§ **Raw data**
┄┄┄┄┄┄

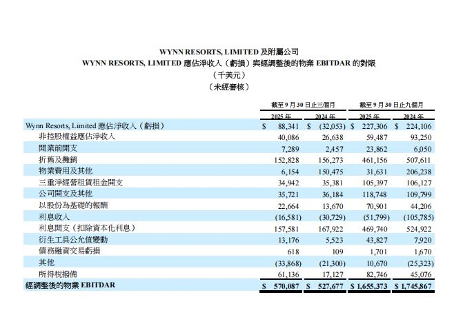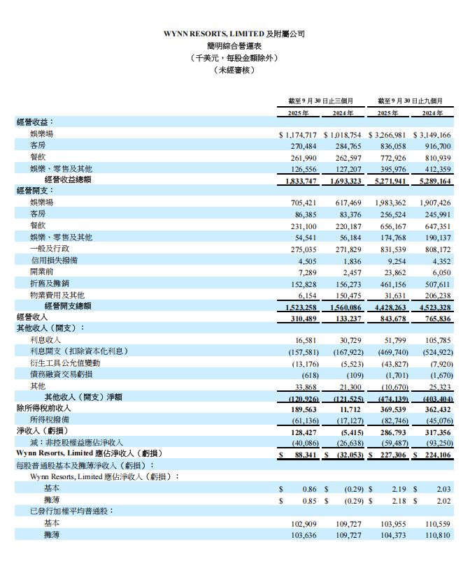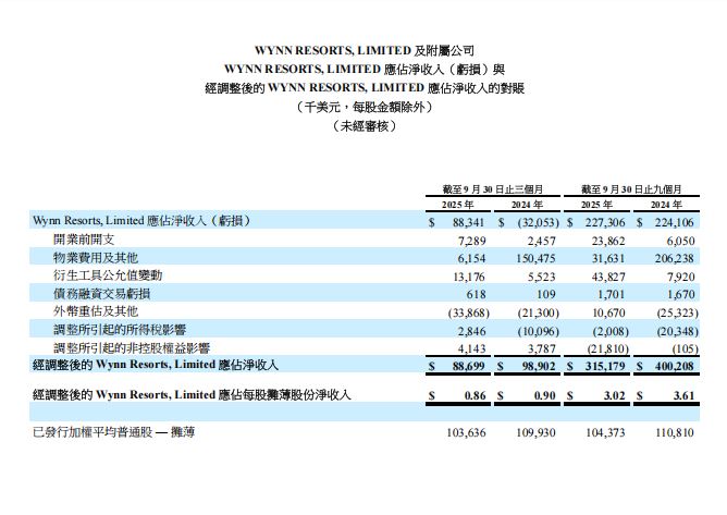 2025 年第三季的 Wynn Resorts, Limited 應佔淨收入為 8,830 萬美元,而 2024 年第三季 Wynn Resorts, Limited 應佔淨虧損則為 3,210萬美元。2025年第三季的每股攤薄淨收入為 0.85美元,而 2024年第三季的每股攤薄淨虧損為 0.29美元。
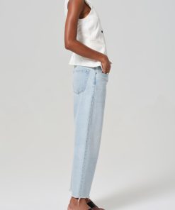 The Ayla Raw Hem Crop, inspired by a reworked vintage silhouette, features a slightly relaxed but flattering top block that transitions into a roomy leg with a raw hem finish. Perfect for warmer days, this cropped denim is crafted from 100% regenerative cotton, offering both comfort and sustainability in a timeless, versatile style. Style it effortlessly with a tucked-in blouse and sandals for a relaxed daytime look, or elevate it with a sleek heel and tailored blazer for an elevated take on casual chic.
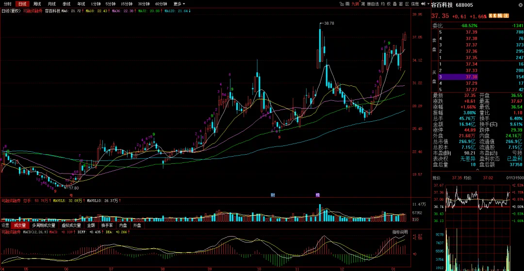 13日,容百科技收报37.35元,涨1.66%,总市值266.9亿元,换手率6.4%。
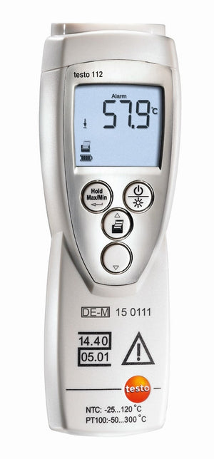 Unser eichfähiges Temperaturmessgerät testo 112 mit PTB-Bauartprüfung ist für amtliche Kontrollmessungen von Lebensmittelkontrolleuren, Gutachtern und Behörden zugelassen. Dank NTC- und Pt100-Technologie misst das 1-Kanal-Temperaturmessgerät besonders präzise.Hochgenaues, eichfähiges Temperaturmessgerät mit PTB-Bauartprüfung – zugelassen für amtliche Messungen Produktvorteile: Ein ansteckbarer Temperaturfühler anschließbar – NTC- und Pt100-Fühler für zahlreiche Praxisanforderungen optional erhältlich Nützliche Funktionen: Minimal-/Maximalwertspeicher und akustischer Alarm Dank wasser- und schmutzabweisender Schutzhülle TopSafe (optional) ideal für den Einsatz im Lebensmittelbereich
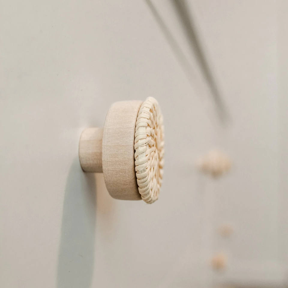 Tirador único de mimbre para puerta de cajón de gabinete, perilla de madera para vestidor, todos los estilos y tamaños, bohemio
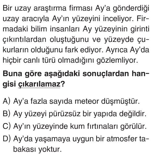 📝5. Sınıf Ay'ın Yapısı ve Özellikleri Test 3
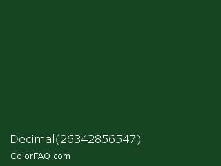 Decimal 26342856547 Color is a very dark green color and the nearest color is Everglade #1c402e. Hex code #174423 and RGB value is rgb(23,68,35). In RGB color space, this color is composed of 9% red, 27% green, 14% blue, In CMYK color space, this color is composed of 66% cyan, 0% magenta, 49% yellow , 73% black , In HSL color space, this color has a hue angle of 136° , 49% saturation and 18% lightness.
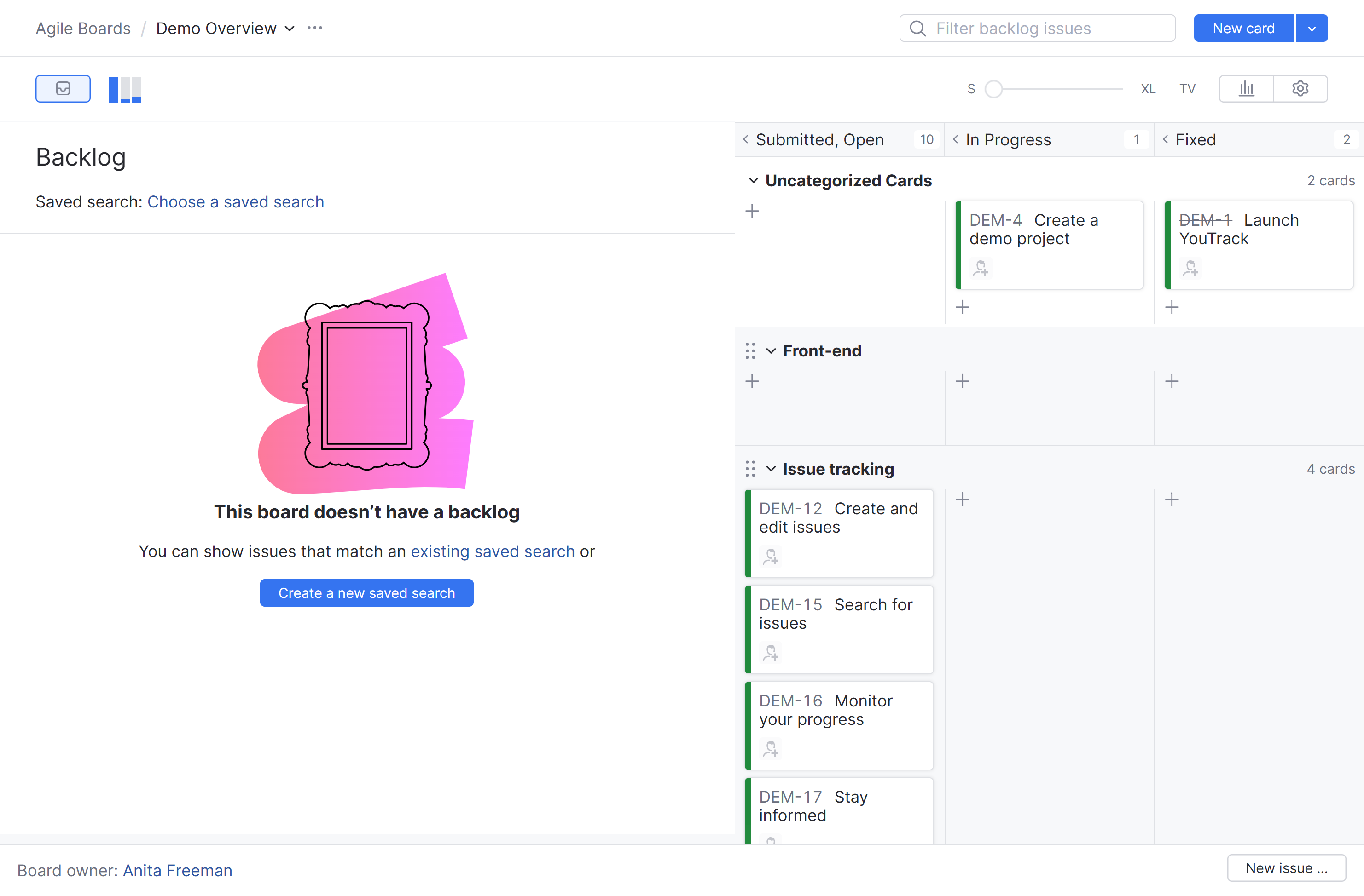 You can use any saved search available to you as a backlog for your board. This includes saved searches that you have created yourself or that are visible to a group you belong to as a member.

┄┄┄┄┄┄

§ **Work to complete**
Word for word, copy every line of the data, excluding any pictures.

§ **Reply to the task**
 2025 年第三季的 Wynn Resorts, Limited 應佔淨收入為 8,830 萬美元,而 2024 年第三季 Wynn Resorts, Limited 應佔淨虧損則為 3,210萬美元。2025年第三季的每股攤薄淨收入為 0.85美元,而 2024年第三季的每股攤薄淨虧損為 0.29美元。
 The Ayla Raw Hem Crop, inspired by a reworked vintage silhouette, features a slightly relaxed but flattering top block that transitions into a roomy leg with a raw hem finish. Perfect for warmer days, this cropped denim is crafted from 100% regenerative cotton, offering both comfort and sustainability in a timeless, versatile style. Style it effortlessly with a tucked-in blouse and sandals for a relaxed daytime look, or elevate it with a sleek heel and tailored blazer for an elevated take on casual chic.
 13日,容百科技收报37.35元,涨1.66%,总市值266.9亿元,换手率6.4%。
 Unser eichfähiges Temperaturmessgerät testo 112 mit PTB-Bauartprüfung ist für amtliche Kontrollmessungen von Lebensmittelkontrolleuren, Gutachtern und Behörden zugelassen. Dank NTC- und Pt100-Technologie misst das 1-Kanal-Temperaturmessgerät besonders präzise.Hochgenaues, eichfähiges Temperaturmessgerät mit PTB-Bauartprüfung – zugelassen für amtliche Messungen Produktvorteile: Ein ansteckbarer Temperaturfühler anschließbar – NTC- und Pt100-Fühler für zahlreiche Praxisanforderungen optional erhältlich Nützliche Funktionen: Minimal-/Maximalwertspeicher und akustischer Alarm Dank wasser- und schmutzabweisender Schutzhülle TopSafe (optional) ideal für den Einsatz im Lebensmittelbereich
 Tirador único de mimbre para puerta de cajón de gabinete, perilla de madera para vestidor, todos los estilos y tamaños, bohemio
 📝5. Sınıf Ay'ın Yapısı ve Özellikleri Test 3
 Decimal 26342856547 Color is a very dark green color and the nearest color is Everglade #1c402e. Hex code #174423 and RGB value is rgb(23,68,35). In RGB color space, this color is composed of 9% red, 27% green, 14% blue, In CMYK color space, this color is composed of 66% cyan, 0% magenta, 49% yellow , 73% black , In HSL color space, this color has a hue angle of 136° , 49% saturation and 18% lightness.
 You can use any saved search available to you as a backlog for your board. This includes saved searches that you have created yourself or that are visible to a group you belong to as a member.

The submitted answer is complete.